Goal I'm successfully importing CMC data from the APi into nested JSON, per this example: https://coinmarketcap.com/api/documentation/v1/#operation/getV2CryptocurrencyQuotesLatest
Working API Call
url = 'https://pro-api.coinmarketcap.com/v2/cryptocurrency/quotes/latest'
parameters = {
'id': '2280,4558,5221,1518,7653,5026,10688,5632,5567,5692,5566,8075,7083',
'convert': 'USD'
}
headers = {
'Accepts': 'application/json',
'X-CMC_PRO_API_KEY': CMC_AUTH
}
session = Session()
session.headers.update(headers)
response = session.get(url, params=parameters)
data = json.loads(response.text)
pprint.pprint(data)
Result
That returns the nested JSON as in the example above, with slightly different data that hasn't been updated in the documentation example.

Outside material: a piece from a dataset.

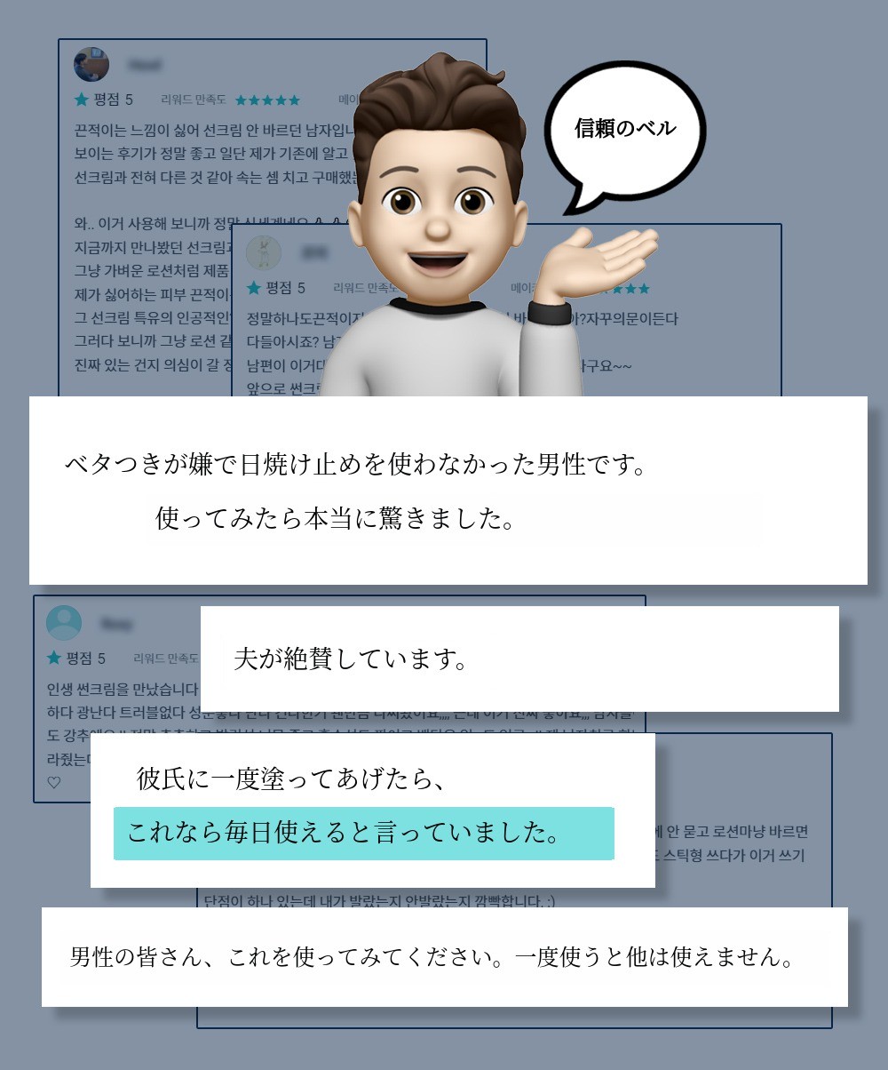 いつも日焼け止めを塗った後、すぐにトイレに行って手を洗った経験はありませんか? 本当にその状態では何も触りたくない気分。必ずこうしてベタつきや残留感が残らなければならないのかという悩みから製品開発を行い、こだわりと努力で作り上げました。ベラヴィーガンウォーターサンエッセンスを使って本当に軽くてさっぱりした塗り心地に驚きました。塗り心地はとても大事ですよね。

This is the first id returned for the code above:
{'data': {'10688': {'circulating_supply': 116331159.1611021,
'cmc_rank': 347,
'date_added': '2021-06-28T00:00:00.000Z',
'id': 10688,
'is_active': 1,
'is_fiat': 0,
'last_updated': '2022-09-05T19:20:00.000Z',
'max_supply': 1000000000,
'name': 'Yield Guild Games',
'num_market_pairs': 98,
'platform': {'id': 1027,
'name': 'Ethereum',
'slug': 'ethereum',
'symbol': 'ETH',
'token_address': '0x25f8087ead173b73d6e8b84329989a8eea16cf73'},
'quote': {'USD': {'fully_diluted_market_cap': 482405830.29,
'last_updated': '2022-09-05T19:20:00.000Z',
'market_cap': 56118829.42337308,
'market_cap_dominance': 0.0057,
'percent_change_1h': 0.43811262,
'percent_change_24h': -3.21631892,
'percent_change_30d': -40.69530618,
'percent_change_60d': -32.68437619,
'percent_change_7d': -8.8136777,
'percent_change_90d': -16.90500242,
'price': 0.48240583028710726,
'tvl': None,
'volume_24h': 11205334.0356885,
'volume_change_24h': -48.174}},
'self_reported_circulating_supply': 87906250,
'self_reported_market_cap': 42406487.51867602,
'slug': 'yield-guild-games',
'symbol': 'YGG',
'tags': [{'category': 'CATEGORY',
'name': 'Collectibles & NFTs',
'slug': 'collectibles-nfts'},
{'category': 'INDUSTRY',
'name': 'Gaming',
'slug': 'gaming'},
{'category': 'INDUSTRY',
'name': 'Entertainment',
'slug': 'entertainment'},
{'category': 'CATEGORY',
'name': 'DAO',
'slug': 'dao'},
{'category': 'CATEGORY',
'name': 'Metaverse',
'slug': 'metaverse'},
{'category': 'CATEGORY',
'name': 'a16z Portfolio',
'slug': 'a16z-portfolio'},
{'category': 'CATEGORY',
'name': 'Play To Earn',
'slug': 'play-to-earn'},
{'category': 'CATEGORY',
'name': 'Animoca Brands Portfolio',
'slug': 'animoca-brands-portfolio'},
{'category': 'CATEGORY',
'name': 'Gaming Guild',
'slug': 'gaming-guild'},
{'category': 'CATEGORY',
'name': 'OKEx Blockdream Ventures Portfolio',
'slug': 'okex-blockdream-ventures-portfolio'}],
'total_supply': 1000000000,
'tvl_ratio': None},
I'm now wanting to flatten the json data and convert it to a pandas dataframe, so I've changed the last line of the above to:
Alternate code
df = pd.json_normalize(data)
pprint.pprint(df)
Result
That produces a single row with 454 columns, versus a dataframe with rows for all 13 of the id's I've specified and the corresponding column values.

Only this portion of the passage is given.